A puree or creamy cheese calls for some crispiness and crunch in the form of raw greens, such as romaine, endive, or arugula, and toasted nuts, such as pine nuts or walnuts.

Variety of color and shape in a piadina’s filling will get your guests’ attention and increase the anticipation of pleasure.

The lineup of both savory and sweet piadinas Priebe developed for his All Piadina menu is a crowd-pleaser that will make your house a favorite party destination. To make things easy, Priebe offers a timeline listing what you can do a week or day ahead, so you will have plenty of time with friends on game-day to root for your favorite team. Platters of piadinas, cut in half for just the right serving size, will dazzle and delight those at your gathering.

Piadina Genovese features grilled chicken with pesto, pine nuts, and olives, and was inspired, Priebe says, by the “classic antipasto of chicken breast smothered in pesto.” Priebe relies on roasted pecans instead of pine nuts in his pesto for “a robust, earthy taste.” A satisfying alternative would be the heartier Piadina Saraceno, an opportunity to use a handful of special mushrooms in a juicy filling along with Italian sausage, cheese, pan-roasted peppers and onions, and shaved Parmesan. Priebe created Piadina Saraceno to honor the Cured Meat and Cheese Festival held annually in Bologna at the ancient Saraceno market, the site of many “grand fairs honoring certain Italian traditions.”

Thinly sliced soppressata, a spicy Italian deli meat, teams up with wafer-thin Parmesan crisps and honey in Priebe’s Piadina Dolce e Salato for a flavor experience with “triple the pleasure.” Soppressata, an Italian delicacy, is a type of dry salami, that comes either hot or sweet, imported or artisan soppressata being best, says Priebe.

To accentuate the Italian spirit of the menu, consider including Piadina Neapolitan with its three colors of the Italian flag: green, white, and red. Piadina Neapolitan, Priebe’s favorite savory piadina, is a grilled cheese sandwich, Italian-style, with fresh mozzarella “that melts into milky pillows,” tomato, basil, and a cheery, golden-red flatbread crust.
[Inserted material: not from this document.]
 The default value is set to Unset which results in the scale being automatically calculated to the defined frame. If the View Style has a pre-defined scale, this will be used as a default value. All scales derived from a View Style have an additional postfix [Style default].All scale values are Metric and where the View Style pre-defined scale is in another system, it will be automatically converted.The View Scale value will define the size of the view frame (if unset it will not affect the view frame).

Serve guests their side of vegetables at the party with the vegetarian Firenze, a festive piadina with a crisped flatbread pocket filled with colorful strips of roasted bell peppers, grilled eggplant, shaved Parmesan, and a tasty tomato-balsamic vinaigrette.
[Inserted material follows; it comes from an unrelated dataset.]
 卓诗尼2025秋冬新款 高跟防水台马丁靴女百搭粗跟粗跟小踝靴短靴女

Some vegetarian friends might also really welcome Piadina Radicchio which offers the option of a soft-green Jalapeno flatbread crust, and filling of mellowed radicchio, Gorgonzola, and roasted garlic cloves, “flavor mines with a rich, sweet taste and soft, buttery texture.”

Regarding dessert, you could say Priebe is forward-thinking. “When I plan a meal I start at dessert and work backwards,” says Priebe. Piadina Limone was his dessert of choice for the All Piadina menu. I prepared Piadina Limone for a birthday party recently. And I used a panini press to grill the flatbread dough, making a sweet, slightly crisp crust with light grill marks, that held the tart lemon curd, whipped cream, blueberries, and crumbled shortbread cookie. Piadina Limone was scrumptious.

Priebe also highly recommends Piadina Caramelata, his favorite dessert piadina, but especially for those guests “with a sweet tooth.” The Caramelata, which includes chocolate fudge, warm caramel sauce, and optional ice cream among filling ingredients, Priebe developed as a sweet reminder of the flavors he enjoyed in the Marathon Bars of his youth.

Whether you decide to make sweet or savory piadinas, Priebe’s recipes or your own with his guidelines in mind, Priebe says, “Make plenty because they always go fast.”